Government agents, however, could not confirm the data so
sourced, nor ask follow-up questions. This "germ of an idea I was later to
develop into a full-scale, effective intelligence-counterinsurgency
operation," wrote McGehee. Eventually, in-person interviews of the local
villager and farmer (called taking a "census") was appraised to
provide better information and results.[45] Joining
the team was Lieutenant Somboon, a university graduate with "a
remarkable intitive feel for the esoteric art of intelligence gathering."
He was serving then as a local deputy nai amphur (sheriff).
McGehee
proposed to develop a "pilot project" and to first concentrate on one
district. A thorough Survey of the views of the rural villagers
and farmers would be made. The province governor helped recruit a select group
of twenty-five agents with which to start. Beside police, it included military
officers, several administrators, and a high-ranking educator. Also part of the
team were four translators and a PAT armed force for protection against
communist guerrillas. Questionnaires were developed and the Survey's interrogators
trained in their use "out of hearing range of other[s]". Also started
were village networks for community support and for ongoing intelligence
sources. As an coordinate result, some villagers confessed to being
"duped" by the Communists, named other members, then quit the
'movement' and joined the government side.
Lt.
Somboon gave a motivating speech at a meeting of villagers called by their
headman, which successfully countered Communist propaganda. He and others,
however, also used aggressive techniques involving simulated threats of death
and other cruel ruses to obtain information from suspected guerrillas, or
"to sow dissension" in enemy ranks. Such methods raised human
rights issues for McGehee. Counterinsurgency, if not careful, could
descend into a barbarous business. Yet he was then persuaded that an efficient
intelligence process, even if somewhat flawed, which also threw light on murky
shadows where the guerrillas hid, would save lives in the long run of a
counterinsurgency war. In fact, the Survey and police presence itself
resulted in many villagers abandoning the armed communist insurgency.
Survey information,
so collected then translated, was carded into categories, and collated, and
digested, then written up. From the bits and pieces of "vague, partial,
shifting, incomplete, fragmentary intelligence", it provided a hitherto "unknown
total picture." It revealed, among other things, that the communist
insurgency in northeast Thailand was considerably stronger than originally
supposed. It also struck a blow. The Survey was distributed
nationwide to government and police officials, who praised the CIA case officer
responsible. The COS 'Rod Johnson' called him to CIA in Bangkok where his work
was celebrated; he was promoted to a 2-year command in Thailand. Ralph McGehee
felt he had hit his stride, and was reaching new levels of professional skill
and acumen.
William
Colby's visit and ends of Survey.
William
Colby, then chief of the CIA's Far East division, came to the province in
1967. McGehee proudly told him of his teams' work on the district Survey and
its findings, showing him the file cabinets with the carded and collated
intelligence information. The Communists in Thailand, he explained, were far
more numerous than assumed. They also enjoyed substantial support among rural
people. Communist agents concentrated on "winning the cooperation of the
peasants," citing the example of a specific village. Yet the Survey had,
by throwing light on the insurgent violence, caused villagers to re-think the
issues and many to desert the Communist cause. McGehee naturally expected some
appreciation from Colby and interest in furthering the Survey work.

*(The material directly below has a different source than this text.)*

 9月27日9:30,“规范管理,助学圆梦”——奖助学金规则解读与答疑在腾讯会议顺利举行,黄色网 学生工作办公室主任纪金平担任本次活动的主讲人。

But Colby kept his silence.
McGehee
described the enemy's Farmers' Liberation Association (FLA).[53] It
recruited rural villagers, who were then secretly indoctrinated about Communist
plans for widespread armed struggle in Thailand. Local guerrilla cadres were
already launching minor terrorist assaults. In retaliation the Thai government
ordered unfocused, brutal attacks that often fell on innocent farmers, creating
an "atmosphere of hate" that the Communists were eager to exploit
politically. To the contrary, McGehee's Survey teams had "used
our intelligence to penetrate the Communists' crucial shield of secrecy"
and accordingly had broken their grip on the villagers. Farmers had confessed,
given information, and quit the FLA. Here, McGehee felt he was presenting to
Colby a counterinsurgency program that worked. Otherwise, Communists insurgents
would multiply in Thailand, as had happened in Vietnam.
In
response, Colby appeared puzzled. He was non-committal, evasive, eventually
saying only, "We always seem to be losing." Later McGehee realized
that Colby was "probably weighing the broader ramifications." Colby
and his entourage then quickly left for the airport in jeeps and land rovers.

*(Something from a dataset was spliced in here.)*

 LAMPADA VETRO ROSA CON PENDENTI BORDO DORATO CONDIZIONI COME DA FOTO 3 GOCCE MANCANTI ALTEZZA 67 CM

Two months later the COS offered McGehee a plum CIA job in Taiwan on a career
channel ensuring rapid promotions. But McGehee wanted to continue his work in
Thailand. Au contraire the COS told him. He had to leave Thailand in
three weeks, and the Survey project would be terminated. Despite
local protests by involved Thai officials and by the American consul, it
happened that way.
CIA HQ,
Langley
McGehee
arrived at headquarters still mystified by the surprising and unexplained
decision, which must have been made by Colby,
to terminate the Survey program. It had achieved significant results,
and received high praise. During his last months in Thailand McGehee had
labored on it with an intense dedication. Unexpectedly the COS ordered him out
of Thailand. The plum job in Taiwan, that had been dangled before him, proved to
be a ruse to get him out of the way; upon his arrival at the Langley, it was
already cancelled. McGehee writes that he was "having a difficult time
justifying my previously idealistic view of the Agency."[55]
The head
of China activities offered him a desk job. Judging by past results, repetitive
failure seemed to be the story about the job's major task: "recruiting a
Chinese official to be our spy." The track record showed a repeating cycle
of fruitless attempts: new idea, enthusiasm, field action, failure; new idea,
enthusiasm... .[56][57] E.g.,
after the war it became known that CIA estimates of the Chinese military in
Vietnam were egregiously low.
Despite
the Sino-Soviet split, McGehee thought, some in the
China desk seemed to have a "vested interest" in keeping China as a
major enemy. The CIA had obtained a recent, 40-page China document that
detailed the PRC's long-range foreign policy and
short-range moves. Nonetheless, China desk decided not to circulate it, McGehee
reasoned, because the PRC's plans were reasonable, not belligerent.
He wrote
a memorandum to put the Thailand Survey program back in play. First
he sent it to Colby's new replacement at the Far East division (without
success), then to a suggestion committee. The China desk leader then told him
that he'd ruffled the new Far East division chief, whose anger was jeopardizing
his career. McGehee wrote later about his "awakening" to see the CIA
in a new, cynical way. Vietnam was in a situation somewhat similar to Thailand.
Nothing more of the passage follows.